> Instructions for the task:
Repeat every line of the data exactly; the pictures stay out.

> Data extract:
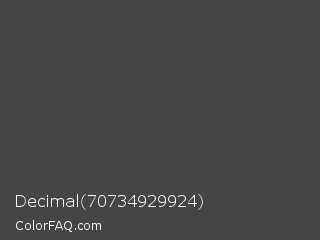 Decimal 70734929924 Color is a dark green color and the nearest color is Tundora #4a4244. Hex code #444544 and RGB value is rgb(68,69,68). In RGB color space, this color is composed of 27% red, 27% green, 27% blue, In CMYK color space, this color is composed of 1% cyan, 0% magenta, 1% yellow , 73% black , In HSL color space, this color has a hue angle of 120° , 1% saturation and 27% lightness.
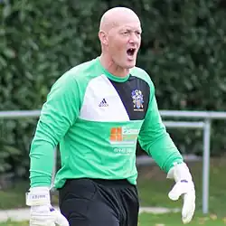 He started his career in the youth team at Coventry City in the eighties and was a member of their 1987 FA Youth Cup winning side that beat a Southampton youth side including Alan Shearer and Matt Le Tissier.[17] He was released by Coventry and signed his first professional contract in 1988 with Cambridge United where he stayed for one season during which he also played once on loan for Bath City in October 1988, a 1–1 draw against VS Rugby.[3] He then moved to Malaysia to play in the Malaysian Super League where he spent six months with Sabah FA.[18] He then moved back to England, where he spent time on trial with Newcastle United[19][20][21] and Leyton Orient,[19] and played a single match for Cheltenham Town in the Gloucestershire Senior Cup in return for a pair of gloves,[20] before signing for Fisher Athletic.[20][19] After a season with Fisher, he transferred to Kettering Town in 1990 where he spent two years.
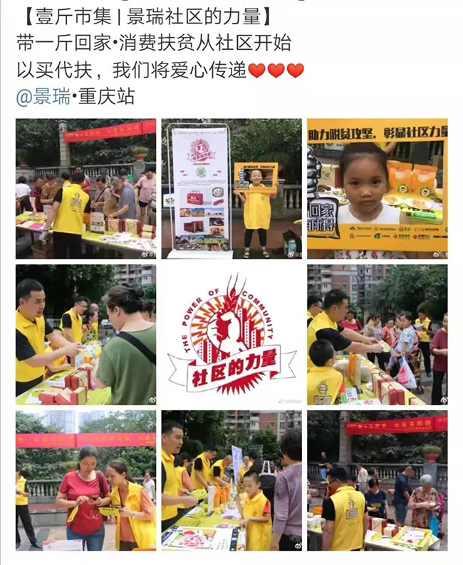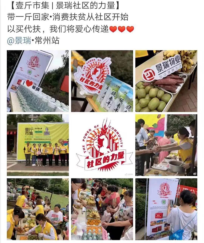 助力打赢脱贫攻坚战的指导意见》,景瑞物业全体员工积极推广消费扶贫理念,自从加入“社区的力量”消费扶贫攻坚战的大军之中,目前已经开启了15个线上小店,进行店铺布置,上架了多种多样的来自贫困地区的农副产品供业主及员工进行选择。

> Response box:
 Decimal 70734929924 Color is a dark green color and the nearest color is Tundora #4a4244. Hex code #444544 and RGB value is rgb(68,69,68). In RGB color space, this color is composed of 27% red, 27% green, 27% blue, In CMYK color space, this color is composed of 1% cyan, 0% magenta, 1% yellow , 73% black , In HSL color space, this color has a hue angle of 120° , 1% saturation and 27% lightness.
 He started his career in the youth team at Coventry City in the eighties and was a member of their 1987 FA Youth Cup winning side that beat a Southampton youth side including Alan Shearer and Matt Le Tissier.[17] He was released by Coventry and signed his first professional contract in 1988 with Cambridge United where he stayed for one season during which he also played once on loan for Bath City in October 1988, a 1–1 draw against VS Rugby.[3] He then moved to Malaysia to play in the Malaysian Super League where he spent six months with Sabah FA.[18] He then moved back to England, where he spent time on trial with Newcastle United[19][20][21] and Leyton Orient,[19] and played a single match for Cheltenham Town in the Gloucestershire Senior Cup in return for a pair of gloves,[20] before signing for Fisher Athletic.[20][19] After a season with Fisher, he transferred to Kettering Town in 1990 where he spent two years.
 助力打赢脱贫攻坚战的指导意见》,景瑞物业全体员工积极推广消费扶贫理念,自从加入“社区的力量”消费扶贫攻坚战的大军之中,目前已经开启了15个线上小店,进行店铺布置,上架了多种多样的来自贫困地区的农副产品供业主及员工进行选择。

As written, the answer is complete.